The reasoning may be considered related to the current efficiency. A mass balance with respect to coulombic efficiency for the experiment with Ti anode showed that the Ni(OH)₂ precipitation could account for a current utilization of only 57.87%. As per an estimation presented, it could be found that almost equivalent amounts of OH⁻ in the cathode chamber and H⁺ in the anode chamber remained unaccounted for. Looking at the final pH of the catholyte and anolyte it was presumed that these two species might have combined, neutralizing their charges. In the experiments with nickel sheet replacing Ti anode, H⁺ production at the anode was replaced with Ni⁺⁺ production and, hence, full consumption of OH⁻ in the cathode chamber took place. The current efficiency in both the chambers touched close to the 100% mark, as no H⁺ was produced in the anode chamber. OH⁻ from the cathode chamber whose diffusivity co-efficient is 5.6 × 10⁻⁵ cm²/s might have moved to the anode chamber and raised the pH to more than 5 from the value of 3, was observed.

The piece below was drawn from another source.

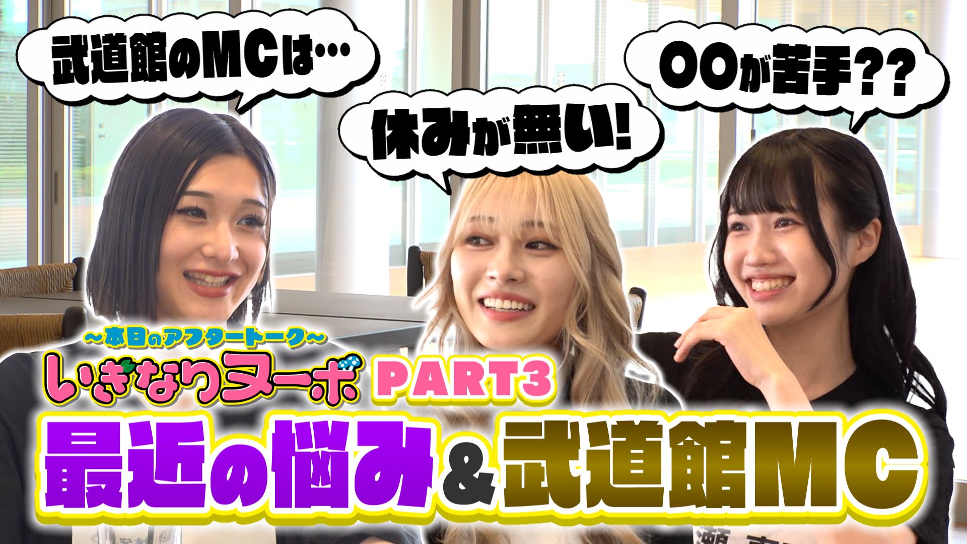 ▼「いぎなりヌーボ~本日のアフタートーク~」安杜羽加、北美梨寧、吉瀬真珠が大盛況に終わった武道館公演について語り合う。「あの衣装って実は」「曲数が減る可能性も」…など裏側トークが止まらない!【めざせ地上波 いぎなり配信中!】東北出身の9人組グループ「いぎなり東北産」の全力バラエティ!東北愛全開!地元を盛り上げるべく、さまざまな企画に挑戦中!

5. Emerging Technology Developments and Future Scope

Structural disorders, which play a significant role in the electrochemical property of the nickel hydroxide, are yet to be studied. These are known to be affected through agitation, ageing, hydrothermal treatment, sonication, et cetera. Each of these aspects could form the topics of future research. Disorders in the crystal lattice of chemically precipitated β-Ni(OH)₂ have been investigated through simulation studies. Similar studies are to be conducted with the sample produced through the electrochemical route. Further, such studies should be extended to α-Ni(OH)₂ and the mixtures of α- and β-Ni(OH)₂, which are going to form the major topics of future investigations. Energy density is another significant parameter which depends on the morphology, specifically the tap density. A lot of scope remains within the electrochemical preparation method to regulate the tap density of the materials. Therefore, with the improvement of Ni(OH)₂ from a materials aspect, adding to the intrinsic safety of Ni-MH batteries using KOH electrolyte, they have plenty of opportunities in hybrid EVs. Having said that, Ni-MH batteries cannot compete with the current generation of lithium-ion batteries [63], and next generation sodium [64] and potassium-ion batteries [65] (shown in Figure 9), as they exceed both in terms of gravimetric and volumetric energy density.

6. Conclusions

Rechargeable alkaline nickel-metal hydride batteries (Ni-MH) have gained wide attention due to their low cost, safety, and excellent stability. However, with the optimized electrochemical route of producing (Ni(OH)₂) cathode material, it has a great future in the battery industry. This perspective discussed the synthesis routes of producing nickel hydroxide chemically and electrochemically. Different precipitations were developed to produce nickel hydroxide chemically. A mixed phase α-Ni(OH)₂ and β-Ni(OH)₂ is being produced in the chemical method. The electrode reactions taking place during electrolytic production of Ni(OH)₂ from nickel nitrate have been established. Among the three process variables such as the applied current density (rate of OH⁻ supply), initial (Ni⁺⁺), and the initial pH, the influence of the first one on the characteristics of Ni(OH)₂ is the most eminent followed by initial (Ni⁺⁺). Effect of the initial pH is not significant; current density has been successfully employed as rate of OH⁻ generation in the bath through which OH⁻ to Ni⁺⁺ ratio. A ratio of greater than 6 with reasonable (Ni⁺⁺) produces good crystalline β-Ni(OH)₂. A value of less than 1, produces α-Ni(OH)₂. It has been demonstrated that the electrolytic preparation method holds great promise through its precise control of chemical and electrochemical parameters. It is up to the end users to choose the type of nickel hydroxide they opt for based on that the electrochemistry can be tweaked. The proposed electrolytic production method used is scalable and costs less, and the process is quicker than other counterparts of controlled morphology and other parameters.